▶ **Available records**
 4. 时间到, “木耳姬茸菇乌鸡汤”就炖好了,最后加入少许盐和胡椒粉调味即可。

* * *

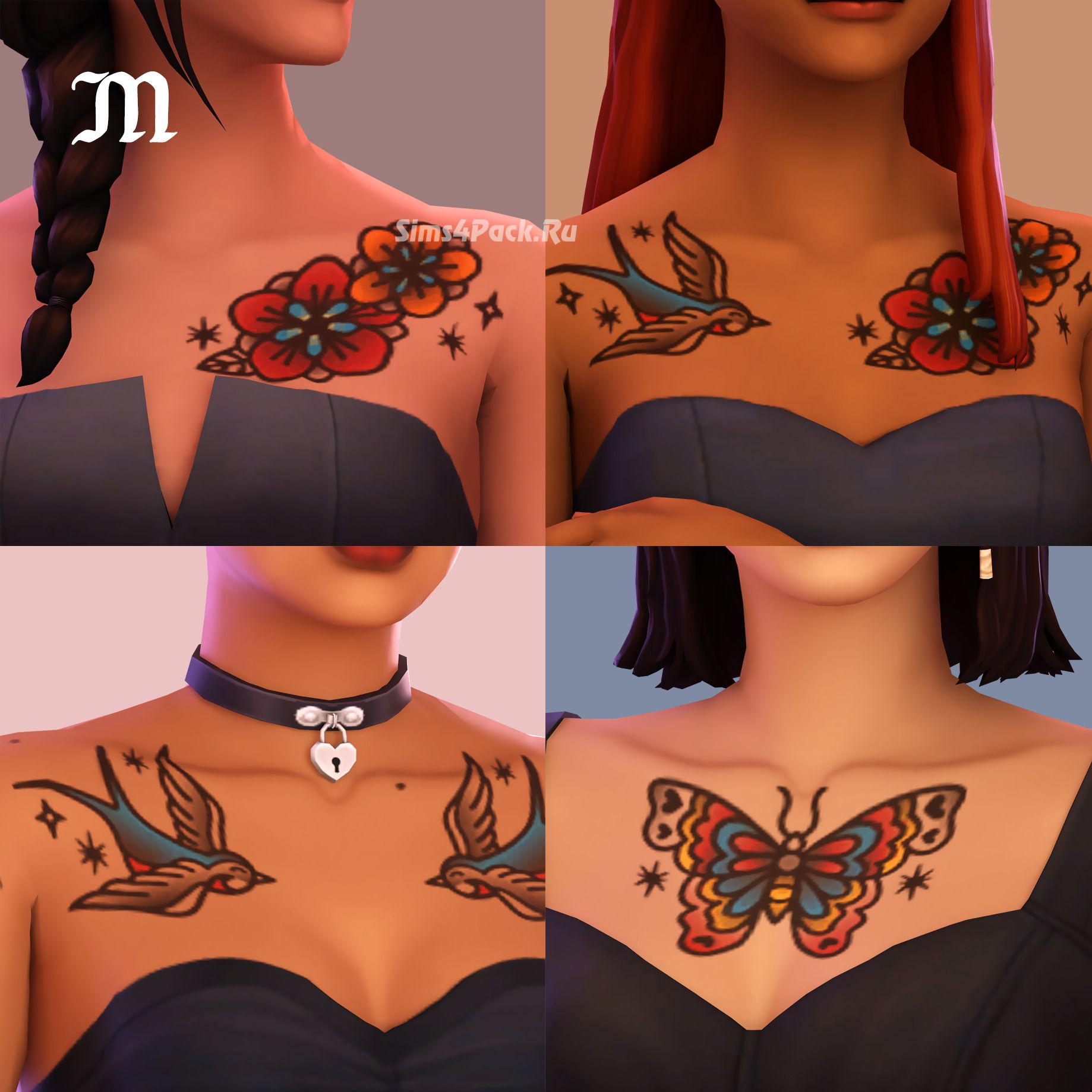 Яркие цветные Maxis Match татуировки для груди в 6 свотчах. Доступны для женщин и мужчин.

...

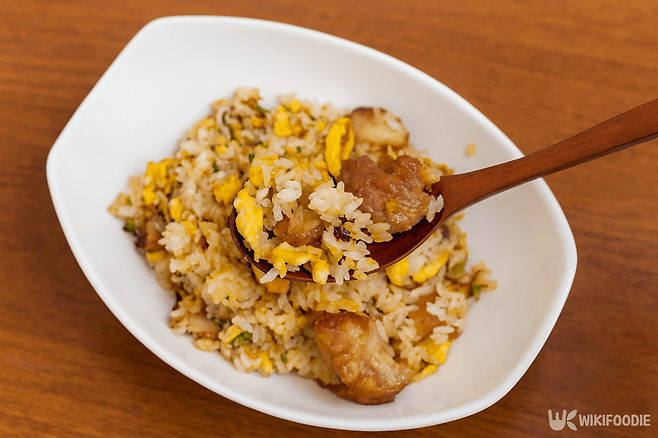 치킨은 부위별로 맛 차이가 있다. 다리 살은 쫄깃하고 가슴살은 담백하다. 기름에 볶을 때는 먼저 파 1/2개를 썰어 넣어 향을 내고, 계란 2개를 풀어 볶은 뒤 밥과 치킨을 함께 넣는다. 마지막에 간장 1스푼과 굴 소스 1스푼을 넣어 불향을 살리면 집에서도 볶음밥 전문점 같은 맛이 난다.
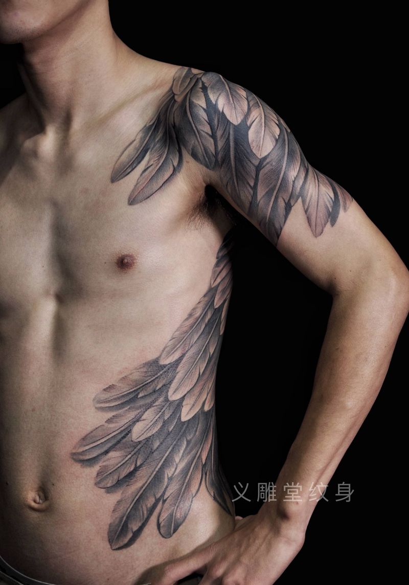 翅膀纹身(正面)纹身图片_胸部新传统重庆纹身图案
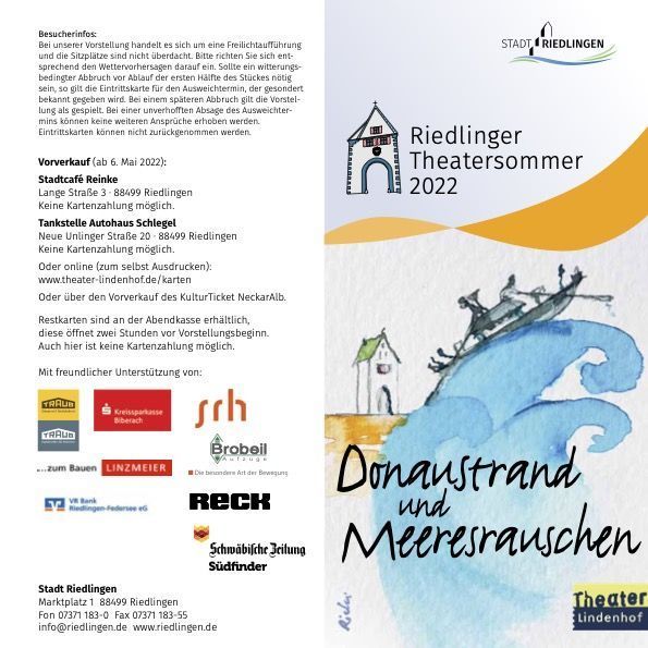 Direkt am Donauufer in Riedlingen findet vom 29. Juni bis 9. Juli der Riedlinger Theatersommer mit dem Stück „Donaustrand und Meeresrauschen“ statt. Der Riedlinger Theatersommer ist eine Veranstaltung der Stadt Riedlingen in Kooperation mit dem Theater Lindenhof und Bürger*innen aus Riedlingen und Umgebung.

▶ **Exercise instructions**
In the entries above, find the line containing "치킨은 부위별로 맛 차이가" and the line containing "Direkt am Donauufer", then copy both and every line between them exactly, without any picture.

▶ **Task result**
 치킨은 부위별로 맛 차이가 있다. 다리 살은 쫄깃하고 가슴살은 담백하다. 기름에 볶을 때는 먼저 파 1/2개를 썰어 넣어 향을 내고, 계란 2개를 풀어 볶은 뒤 밥과 치킨을 함께 넣는다. 마지막에 간장 1스푼과 굴 소스 1스푼을 넣어 불향을 살리면 집에서도 볶음밥 전문점 같은 맛이 난다.
 翅膀纹身(正面)纹身图片_胸部新传统重庆纹身图案
 Direkt am Donauufer in Riedlingen findet vom 29. Juni bis 9. Juli der Riedlinger Theatersommer mit dem Stück „Donaustrand und Meeresrauschen“ statt. Der Riedlinger Theatersommer ist eine Veranstaltung der Stadt Riedlingen in Kooperation mit dem Theater Lindenhof und Bürger*innen aus Riedlingen und Umgebung.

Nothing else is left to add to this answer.